According to court documents, Danske Bank defrauded US banks regarding Danske Bank Estonia’s customers and anti-money laundering controls to facilitate access to the US financial system for Danske Bank Estonia’s high-risk customers, who resided outside of Estonia – including in Russia. The Justice Department will credit nearly $850 million in payments that Danske Bank makes to resolve related parallel investigations by other domestic and foreign authorities.

“[Today’s] guilty plea by Danske Bank and two-billion-dollar penalty demonstrate that the Department of Justice will fiercely guard the integrity of the US. financial system from tainted foreign money – Russian or otherwise,” said Deputy Attorney General Lisa O. Monaco. “Whether you are a US or foreign bank, if you use the US financial system, you must comply with our laws. We expect companies to invest in robust compliance programs – including at newly acquired or far-flung subsidiaries – and to step up and own up to misconduct when it occurs. Failure to do so may well be a one-way ticket to a multi-billion-dollar guilty plea.”

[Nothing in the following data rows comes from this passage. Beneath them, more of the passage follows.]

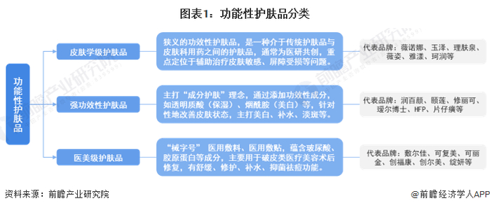 功能性护肤品指针对性地缓解或辅助治疗某些皮肤问题的一类化妆品(妆字号)或医疗器械(械字号),具备一定药理作用,行业正处于国产品牌崛起阶段。根据护肤品功能及功效的不同,功能性护肤品可分为皮肤学级护肤品、强功效性护肤品和医美级护肤品。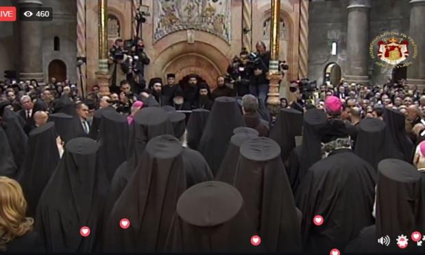 Υψηλοί προσκεκλημένοι, διεθνή μέσα ενημέρωσης καθώς και προσκυνητές βρίσκονται στα Ιεροσόλυμα για την εκδήλωση παράδοσης του Παναγίου Τάφου που ξεκίνησε στις 10 το πρωί, παρουσία του Οικουμενικού Πατριάρχη Βαρθολομαίου και του Έλληνα πρωθυπουργού Αλέξη Τσίπρα.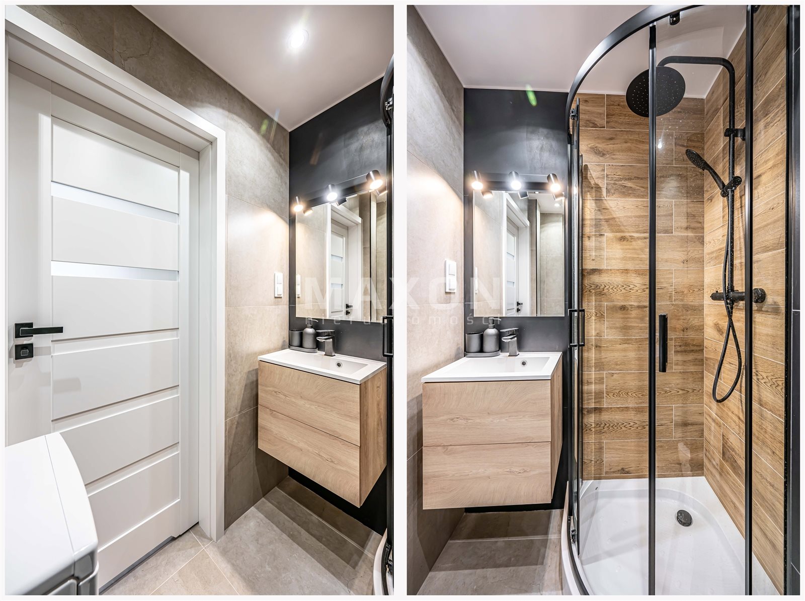 - oddzielnej kuchni z prześwitem na salon (na wyposażeniu: meble kuchenne, lodówka, płyta indukcyjna, zmywarka),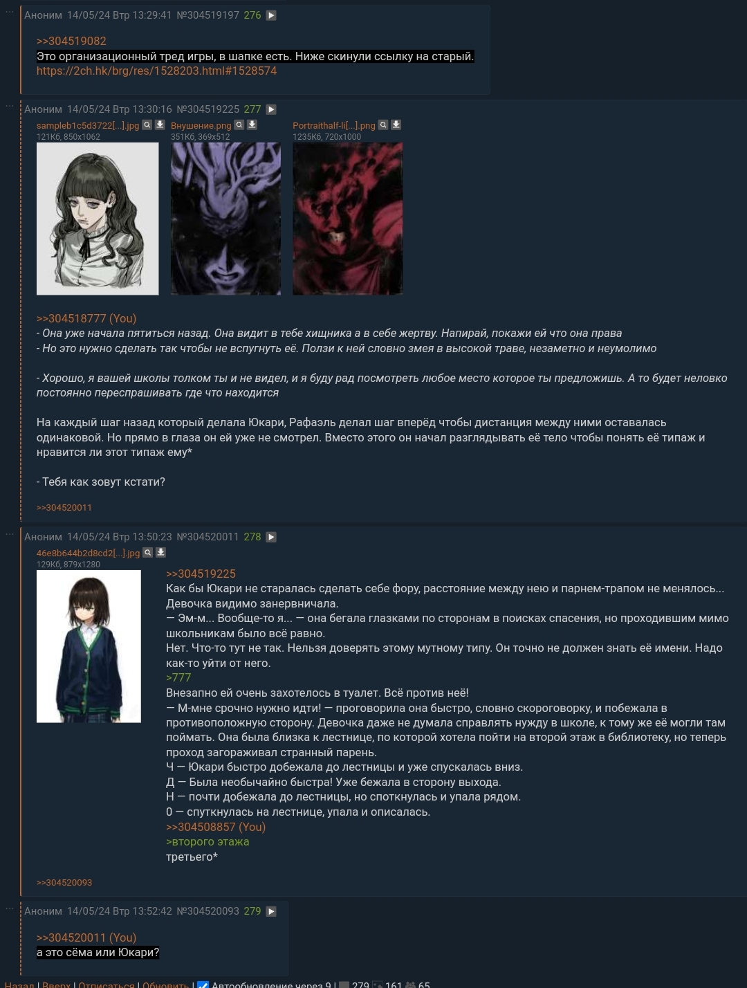 >>1528481 Ну к слову. Я много работаю и потому играть могу обычно только на выходных или вечером. Если не состыкуемся по времени, а ролевой хуй будет стоять - есть вариант посоциалить с Такаши или на худой конец вкатиться в новый день. А мистика нагонит Яно, как только он хотя бы на секунду почувствует себя в безопасности... Шизотерик не приходит поздно, Фродо Бэггинс, и рано тоже не приходит. Он появляется в то время, когда положено. шизомистик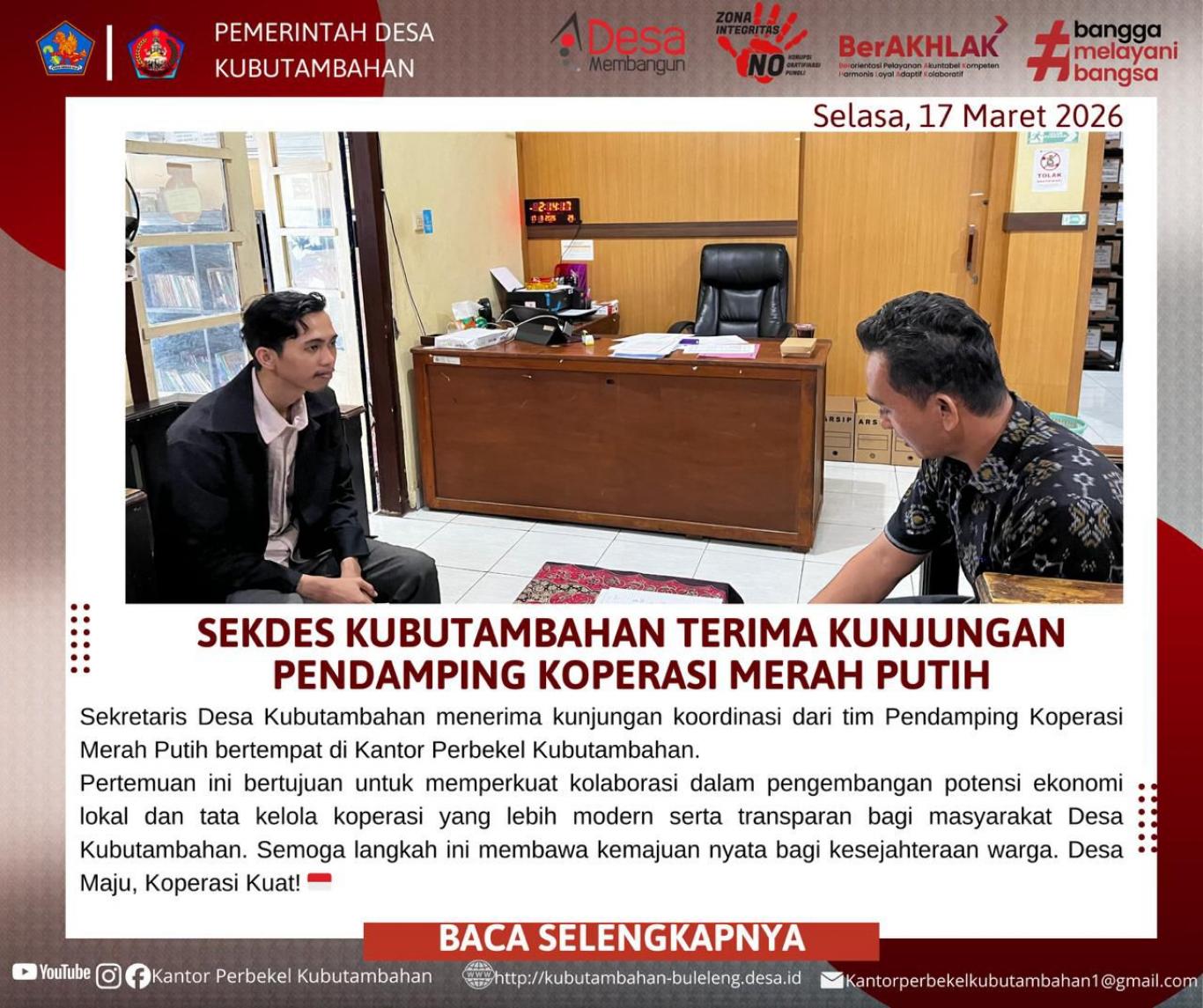- PERKUAT EKONOMI LOKAL, SEKDES KUBUTAMBAHAN TERIMA KUNJUNGAN TIM PENDAMPING KOPERASI MERAH PUTIH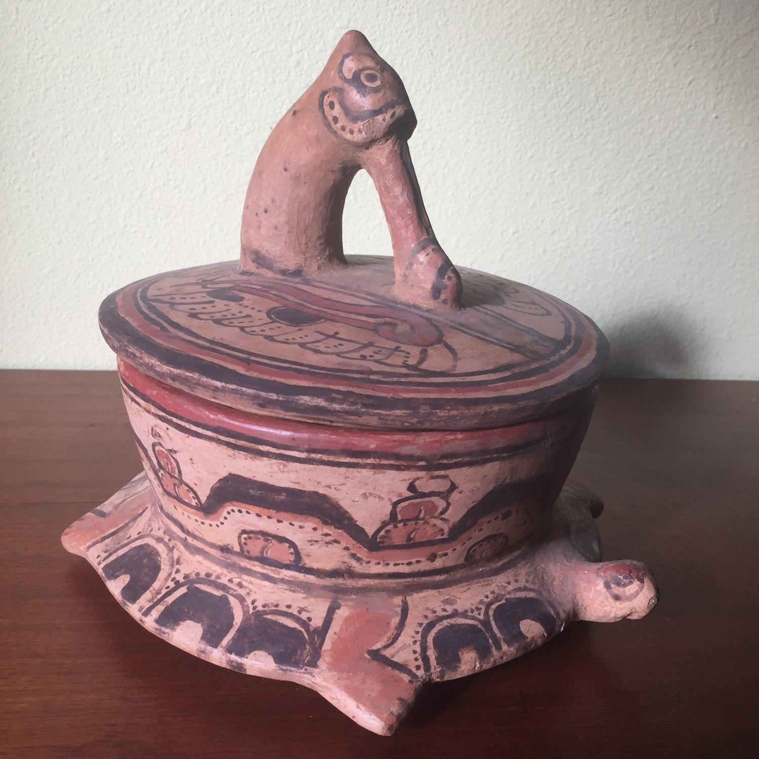 Title (ebay affiliate link): replica Mayan lidded world turtle bowl vessel Pre Columbian ceramic aquatic bird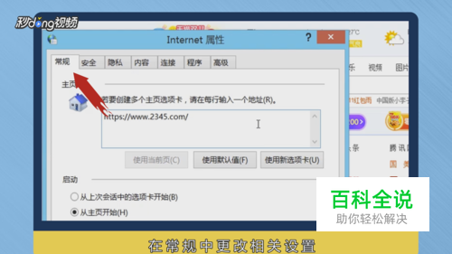 在弹出的窗口中选择“常规”,删除主页中的网址信息。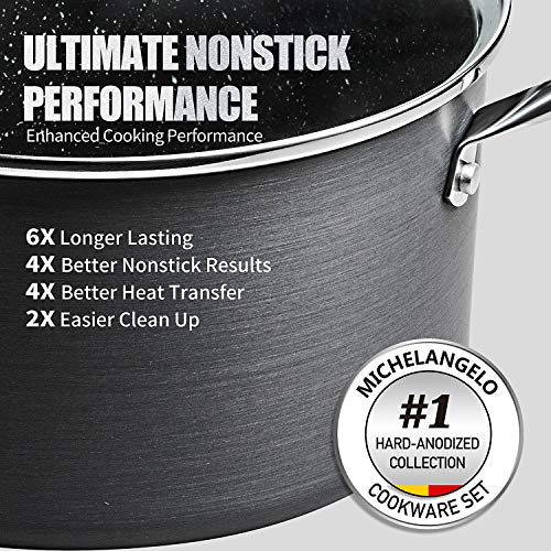 MICHELANGELO Hard Anodized Cookware Set, 10-Piece Pots and Pans Set Nonstick with Granite Interior, Non Toxic Cookware…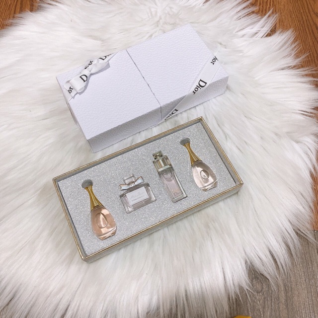 SET 4 NƯỚC HOA DIOR 🌟 Giá : 395k HÀNG KÈM HỘP RUY BĂNG BAO GỒM: ✅Dior Jadore EDP 5ml ✅Dior Jadore Absolu 5ml ✅Miss Dior Blooming Boutique 5ml ✅Dior Addict 5ml 👉👉ZALO SỈ: 0359779211
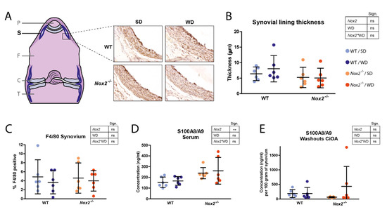 Nox2 knockout does not affect synovial lining thickness and S100A8/A9 expression at day seven of CiOA. (A) Illustration shows a schematic overview of a frontal section of an H&E-stained knee joint. P, patella; S, synovium; F, femur; C, cartilage; T, tibia. Pictures show sections immunohistochemically stained for F4/80 and are representative of the mean of each group (400× magnification). (B) Synovial lining thickness at day seven of CiOA was scored on F4/80-stained histological sections by measuring the thickness in µm. Three sections of different standardized depths were scored per knee joint. (C) F4/80 positive staining was measured and quantified as the percentage of positive staining in the outer 200 µm of synovium. (D,E) Concentrations of S100A8/A9 in serum (D) and synovial washouts (E) using ELISA. Data are presented as mean and 95% CI’s. n = 10. p-value summary resulting from two-way ANOVA shown in tables: **, p < 0.01; ns, p > 0.05. No mice were excluded from analysis.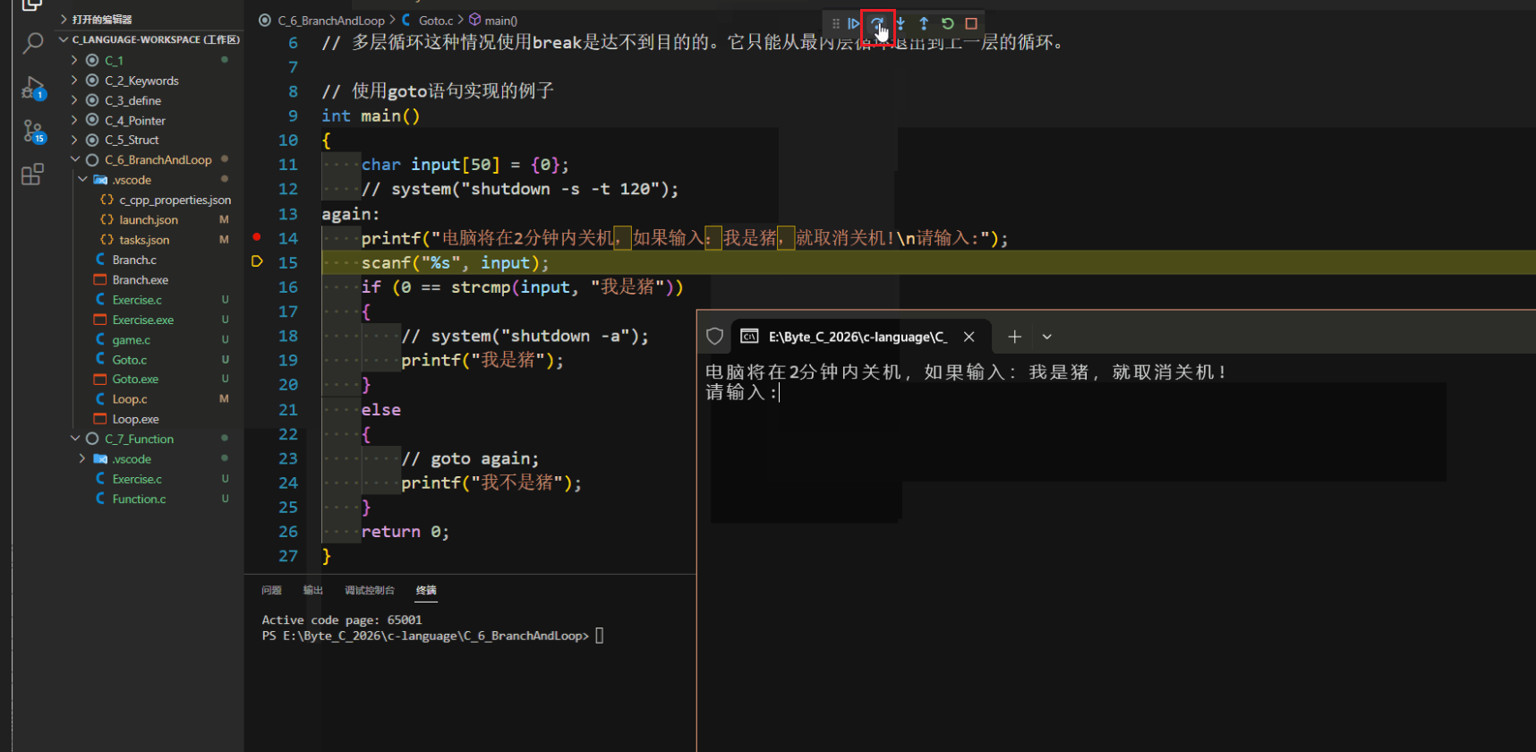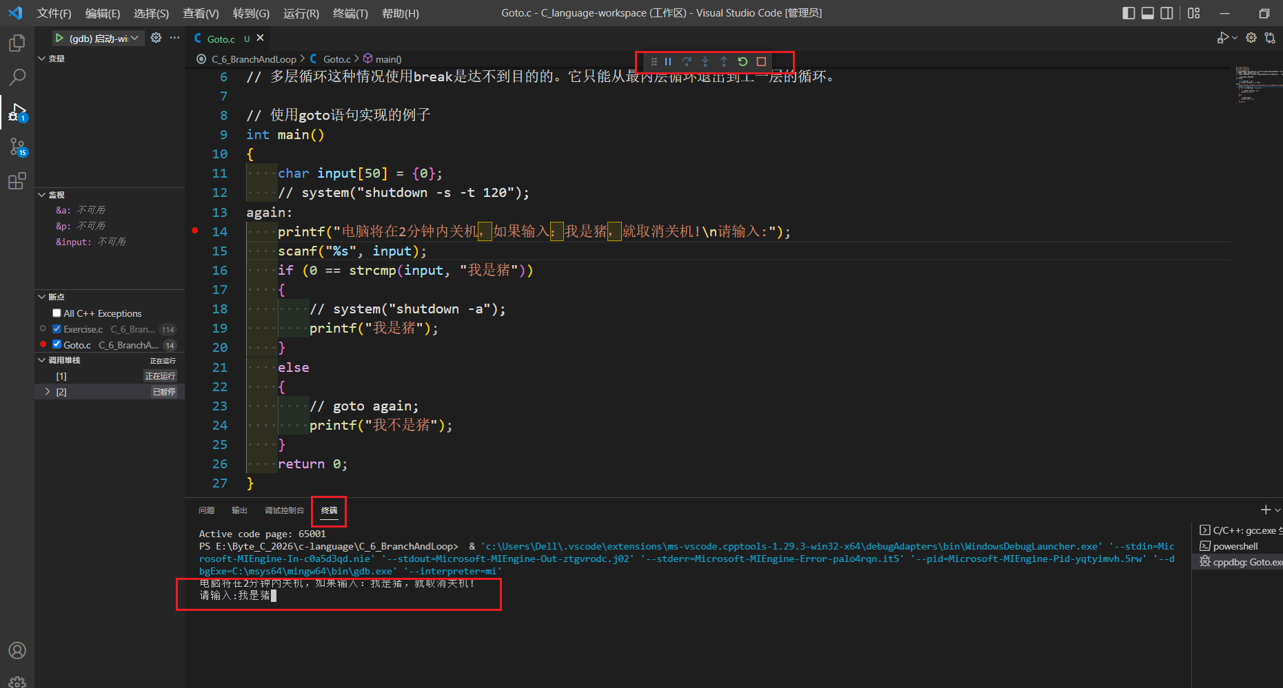再次按下单步跳过,调试会显示暂停,等待用户输入。输入完毕后回车,调试即可继续。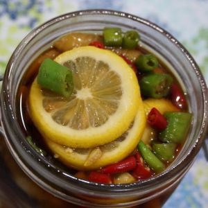 将鸡爪、柠檬和辣椒,加入白醋、味极鲜、白糖、矿泉水没过即可;PS 味极鲜:白醋=1:1.5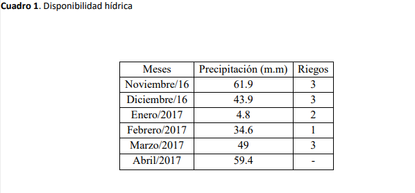 Previo a la siembra, la semilla fue tratada con una mezcla de insecticida Imidacloprid más inoculante Rizopack 212 de Rizobacter Argentina. La dosis empleada para 50 kg de semilla, fue de 50 cc. de insecticida + 150 ml Rizo-liq Top + 50 ml de Premax-R + 50 ml de Maxim xl. La siembra se realizó el 10 de noviembre, registrándose la emergencia el 18 de noviembre. La densidad de plantas utilizada estuvo entorno a las 400 mil pl/ha. Para el control de malezas, se aplicó herbicida Glifosato a razón de 2,5 lt/ha el 2 de diciembre repitiendo la misma el 4 de enero. En lo que respecta al control fitosanitario, el 4 de enero se efectuó una aplicación de clorpirifoscipermetrina mas Tiametoxam-Lambdacialotrina, repitiendo el control el 11 de enero, con Deltametrina mas Clorpirifos. La disponibilidad hídrica registrada durante el desarrollo de la experiencia se detalla en el siguiente cuadro:

“Danske Bank lied to US banks about its deficient anti-money laundering systems, inadequate transaction monitoring capabilities, and its high-risk, offshore customer base in order to gain unlawful access to the US financial system,” said Assistant Attorney General Kenneth A. Polite, Jr. of the Justice Department’s Criminal Division. “[Today], Danske Bank accepted responsibility for defrauding US financial institutions and funneling billions of dollars in suspicious and criminal transactions through the United States.

“As part of its guilty plea, Danske Bank will forfeit over $2 billion and implement significant changes to its compliance program and AML controls. This coordinated resolution with the Securities and Exchange Commission (SEC) and Danish authorities sends a clear message that the Department of Justice stands ready to work with our partners around the world to investigate corporate wrongdoing and hold bad actors accountable for their criminal conduct.”

“For years, Danske Bank lied and deceived US. banks to pump billions of dollars of suspicious and criminal funds through the US financial system,” said US Attorney Damian Williams for the Southern District of New York. “In doing so, Danske Bank, the largest bank in Denmark, deliberately disregarded US law of which it is well aware, facilitated the laundering of criminal and suspicious proceeds through the United States, and placed the US financial network at risk, all in the name of its bottom line.

“The bank is now being held to account. For its years-long criminal conduct, today Danske Bank pleaded guilty to conspiring to commit bank fraud, will forfeit over $2 billion, and will implement and maintain a revamped compliance program and AML controls. Banks and other financial institutions around the world should heed this message: If you want to use the US financial system, you must play by the rules. If you don’t, we will hold you accountable.”

“Danske Bank’s guilty plea for defrauding US banks should serve as a stark warning to others that we will uncover the truth and deliver accountability,” said FBI Deputy Director Paul Abbate. “The FBI, working with international partners, will vigorously investigate any institution, wherever based, which is engaged in manipulating US financial systems to enable money laundering. The FBI remains committed to safeguarding our national and economic security from threats which could cause harm to American institutions.”

According to admissions and court documents, between 2008 and 2016, Danske Bank offered banking services through its branch in Estonia, Danske Bank Estonia. Danske Bank Estonia had a lucrative business line serving non-resident customers known as the NRP.

Danske Bank Estonia attracted NRP customers by ensuring that they could transfer large amounts of money through Danske Bank Estonia with little, if any, oversight. Danske Bank Estonia employees conspired with NRP customers to shield the true nature of their transactions, including by using shell companies that obscured actual ownership of the funds. Access to the U.S. financial system via the US banks was critical to Danske Bank and its NRP customers, who relied on access to US banks to process US dollar transactions. Danske Bank Estonia processed $160 billion through US banks on behalf of the NRP.